In [2]: %timeit 5*10**5 in range(10**6 + 1)  # Python 2
10 loops, best of 3: 18.1 ms per loop

In [3]: %timeit 5*10**5 in xrange(10**6 + 1) # Python 2
100 loops, best of 3: 6.21 ms per loop

In , range 更聪明，不仅不创建整个列表，而且还提供了 contains 检查的快速实现。

In [1]: %timeit 5*10**5 in range(10**6 + 1)  # Python 3
1000000 loops, best of 3: 324 ns per loop

更快，恕我直言，可读性更强：使用比较链：

In [2]: %timeit 0 <= 5*10**5 < 10**6 + 1     # Python 2 or 3
10000000 loops, best of 3: 46.6 ns per loop

Should I use x >= 0 and x < a and never write x in range(a) ever again? Is there an even better way of writing it?

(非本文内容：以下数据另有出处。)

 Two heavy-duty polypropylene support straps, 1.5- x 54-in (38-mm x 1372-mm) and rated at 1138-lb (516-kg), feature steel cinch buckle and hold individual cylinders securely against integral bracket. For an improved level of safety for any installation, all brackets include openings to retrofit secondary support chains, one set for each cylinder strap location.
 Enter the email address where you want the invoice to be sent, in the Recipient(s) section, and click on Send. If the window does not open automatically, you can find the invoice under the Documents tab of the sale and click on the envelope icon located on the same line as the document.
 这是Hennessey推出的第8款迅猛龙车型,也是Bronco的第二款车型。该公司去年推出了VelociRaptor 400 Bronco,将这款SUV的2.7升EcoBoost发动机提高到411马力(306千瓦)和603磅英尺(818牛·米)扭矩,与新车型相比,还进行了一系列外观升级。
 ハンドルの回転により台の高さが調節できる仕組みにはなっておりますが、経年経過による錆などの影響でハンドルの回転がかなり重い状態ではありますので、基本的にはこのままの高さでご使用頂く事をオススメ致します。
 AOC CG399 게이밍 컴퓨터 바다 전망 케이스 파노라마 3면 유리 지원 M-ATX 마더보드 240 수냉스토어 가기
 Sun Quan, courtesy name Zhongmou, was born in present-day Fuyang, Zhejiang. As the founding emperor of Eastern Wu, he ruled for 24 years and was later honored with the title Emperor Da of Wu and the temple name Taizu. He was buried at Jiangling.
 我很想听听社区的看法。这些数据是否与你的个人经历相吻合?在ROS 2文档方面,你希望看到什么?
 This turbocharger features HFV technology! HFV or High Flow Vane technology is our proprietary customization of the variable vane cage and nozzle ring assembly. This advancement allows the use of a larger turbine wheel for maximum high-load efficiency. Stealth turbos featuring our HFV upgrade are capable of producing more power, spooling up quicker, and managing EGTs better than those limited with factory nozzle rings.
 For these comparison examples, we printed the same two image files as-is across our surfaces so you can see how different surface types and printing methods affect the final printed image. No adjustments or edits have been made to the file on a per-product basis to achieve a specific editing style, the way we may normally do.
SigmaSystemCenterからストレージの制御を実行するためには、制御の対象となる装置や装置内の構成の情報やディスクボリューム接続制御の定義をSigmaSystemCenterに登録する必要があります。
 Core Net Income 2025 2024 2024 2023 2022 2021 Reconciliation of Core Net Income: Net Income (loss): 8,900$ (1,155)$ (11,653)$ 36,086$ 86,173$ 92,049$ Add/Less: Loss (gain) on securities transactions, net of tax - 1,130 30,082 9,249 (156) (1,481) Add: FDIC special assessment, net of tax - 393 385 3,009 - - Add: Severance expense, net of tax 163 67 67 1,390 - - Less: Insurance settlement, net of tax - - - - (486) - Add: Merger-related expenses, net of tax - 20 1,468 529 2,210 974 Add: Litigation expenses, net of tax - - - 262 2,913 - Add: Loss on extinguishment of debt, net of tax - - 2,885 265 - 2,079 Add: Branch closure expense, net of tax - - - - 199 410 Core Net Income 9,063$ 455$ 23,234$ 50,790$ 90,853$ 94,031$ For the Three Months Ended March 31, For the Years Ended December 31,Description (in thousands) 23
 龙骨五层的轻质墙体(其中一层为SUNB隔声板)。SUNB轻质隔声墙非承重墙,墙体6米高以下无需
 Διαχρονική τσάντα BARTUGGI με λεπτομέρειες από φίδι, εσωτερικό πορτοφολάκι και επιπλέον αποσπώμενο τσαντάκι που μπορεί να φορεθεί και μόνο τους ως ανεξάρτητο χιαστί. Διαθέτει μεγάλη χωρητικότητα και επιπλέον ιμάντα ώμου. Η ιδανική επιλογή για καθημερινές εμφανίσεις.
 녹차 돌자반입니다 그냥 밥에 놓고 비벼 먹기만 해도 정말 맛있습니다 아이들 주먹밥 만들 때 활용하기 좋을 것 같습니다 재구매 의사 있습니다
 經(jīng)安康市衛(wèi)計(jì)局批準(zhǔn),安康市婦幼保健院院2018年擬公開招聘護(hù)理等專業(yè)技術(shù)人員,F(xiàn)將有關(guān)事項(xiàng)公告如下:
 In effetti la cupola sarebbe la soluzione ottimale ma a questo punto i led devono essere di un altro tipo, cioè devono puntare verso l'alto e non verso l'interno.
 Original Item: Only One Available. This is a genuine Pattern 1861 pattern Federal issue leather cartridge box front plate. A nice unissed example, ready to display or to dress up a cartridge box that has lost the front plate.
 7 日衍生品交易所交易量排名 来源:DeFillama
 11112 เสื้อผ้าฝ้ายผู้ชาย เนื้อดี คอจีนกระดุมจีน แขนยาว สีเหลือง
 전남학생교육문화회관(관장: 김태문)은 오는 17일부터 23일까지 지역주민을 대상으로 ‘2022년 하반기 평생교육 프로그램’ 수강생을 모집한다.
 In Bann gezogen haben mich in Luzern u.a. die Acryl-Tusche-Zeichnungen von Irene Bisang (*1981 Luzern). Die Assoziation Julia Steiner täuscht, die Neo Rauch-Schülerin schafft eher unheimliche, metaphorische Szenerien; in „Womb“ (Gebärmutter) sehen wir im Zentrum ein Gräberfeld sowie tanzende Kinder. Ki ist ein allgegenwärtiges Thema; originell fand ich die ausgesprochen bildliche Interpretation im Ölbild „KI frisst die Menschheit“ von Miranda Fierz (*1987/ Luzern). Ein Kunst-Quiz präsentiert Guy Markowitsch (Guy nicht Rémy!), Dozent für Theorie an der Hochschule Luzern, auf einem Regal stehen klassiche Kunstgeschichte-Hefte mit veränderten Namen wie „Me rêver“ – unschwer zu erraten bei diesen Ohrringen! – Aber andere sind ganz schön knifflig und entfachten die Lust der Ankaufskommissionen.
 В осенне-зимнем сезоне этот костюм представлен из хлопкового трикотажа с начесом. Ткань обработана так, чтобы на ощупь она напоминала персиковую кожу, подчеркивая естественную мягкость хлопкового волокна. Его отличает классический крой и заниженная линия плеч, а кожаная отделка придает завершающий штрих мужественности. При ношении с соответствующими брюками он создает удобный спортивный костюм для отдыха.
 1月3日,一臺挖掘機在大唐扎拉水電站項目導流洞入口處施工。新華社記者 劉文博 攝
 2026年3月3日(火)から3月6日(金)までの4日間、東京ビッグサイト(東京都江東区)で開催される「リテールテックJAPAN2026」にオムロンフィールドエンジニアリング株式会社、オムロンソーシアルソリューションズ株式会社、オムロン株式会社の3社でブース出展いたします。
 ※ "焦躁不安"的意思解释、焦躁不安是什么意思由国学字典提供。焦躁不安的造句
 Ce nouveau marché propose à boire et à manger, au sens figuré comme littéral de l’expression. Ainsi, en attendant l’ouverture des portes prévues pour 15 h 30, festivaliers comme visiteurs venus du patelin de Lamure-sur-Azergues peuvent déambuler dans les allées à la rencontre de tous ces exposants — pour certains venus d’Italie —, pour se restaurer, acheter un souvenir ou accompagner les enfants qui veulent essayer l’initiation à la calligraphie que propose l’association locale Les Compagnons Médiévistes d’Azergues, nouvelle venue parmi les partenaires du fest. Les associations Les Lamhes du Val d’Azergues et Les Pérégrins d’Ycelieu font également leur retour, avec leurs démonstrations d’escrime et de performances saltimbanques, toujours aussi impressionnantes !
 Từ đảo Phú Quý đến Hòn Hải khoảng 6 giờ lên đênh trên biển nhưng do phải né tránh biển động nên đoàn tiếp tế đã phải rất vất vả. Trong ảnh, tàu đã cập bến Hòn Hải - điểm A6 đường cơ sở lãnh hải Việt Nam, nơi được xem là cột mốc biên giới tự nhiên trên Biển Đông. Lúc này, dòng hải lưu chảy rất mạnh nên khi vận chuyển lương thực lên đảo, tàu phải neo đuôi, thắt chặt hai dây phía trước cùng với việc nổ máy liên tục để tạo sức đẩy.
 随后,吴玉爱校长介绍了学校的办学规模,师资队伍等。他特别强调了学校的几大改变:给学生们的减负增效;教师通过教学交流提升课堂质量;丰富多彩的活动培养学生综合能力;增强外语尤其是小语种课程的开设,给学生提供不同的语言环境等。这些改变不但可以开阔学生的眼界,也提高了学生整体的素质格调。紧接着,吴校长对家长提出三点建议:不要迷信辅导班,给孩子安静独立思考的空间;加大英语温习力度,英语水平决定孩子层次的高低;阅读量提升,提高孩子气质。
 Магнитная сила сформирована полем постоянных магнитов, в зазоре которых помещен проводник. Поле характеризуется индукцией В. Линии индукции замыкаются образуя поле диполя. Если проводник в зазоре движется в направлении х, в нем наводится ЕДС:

"No"、"it depends" 和 "yes"。您不应使用 x >= 0 and x < a，因为 0 <= x < a 更短且更易于解析（对于弱小的人），并被解释为 (0 <= x) and (x < a)。而且你不应该在Python2中使用in range，但是在Python3中，你可以使用如果你喜欢的话。

不过，我更喜欢比较链，因为 a <= x < b 比 x in range(a, b) 更明确地说明边界（如果 x == b 会怎么样？），这可以防止许多 off-by-one 错误或 +1 填充范围。

此外，请注意 0 <= x < a 与 x in range(0, a) 并不严格相同，因为 range 将只包含整数值，即 1.5 in range(0, 5) 是 False，而 0 <= 1.5 < 5 是 True，这可能不是您想要的。此外，使用 range 您可以使用 1 以外的步骤，例如5 in range(4, 10, 2) 是 False，但也可以使用纯数学来实现，例如作为 (4 <= x < 10) and (x - 4 % 2 == 0).

Answer 4

所以，是的，基本上，在 Python 2 中使用 range（如上所述）是一个坏主意 - python 实际上创建了一个包含范围 + 的所有值的列表之后它以最直接的方式搜索整个列表。

其中一个选项如下：使用 Python 3 中的 range，它可以更好地处理这种情况 for various reasons。 "Well"，你问，"how do I use range from Python 3 in Python 2"？答案是：使用futurelibrary。安装那个，记下来

from future.builtins import range

在您的代码 header 和 wuolah！- 您的范围现在表现为 Python 3 中的范围，现在您可以再次使用 x in range(a)，没有任何性能问题。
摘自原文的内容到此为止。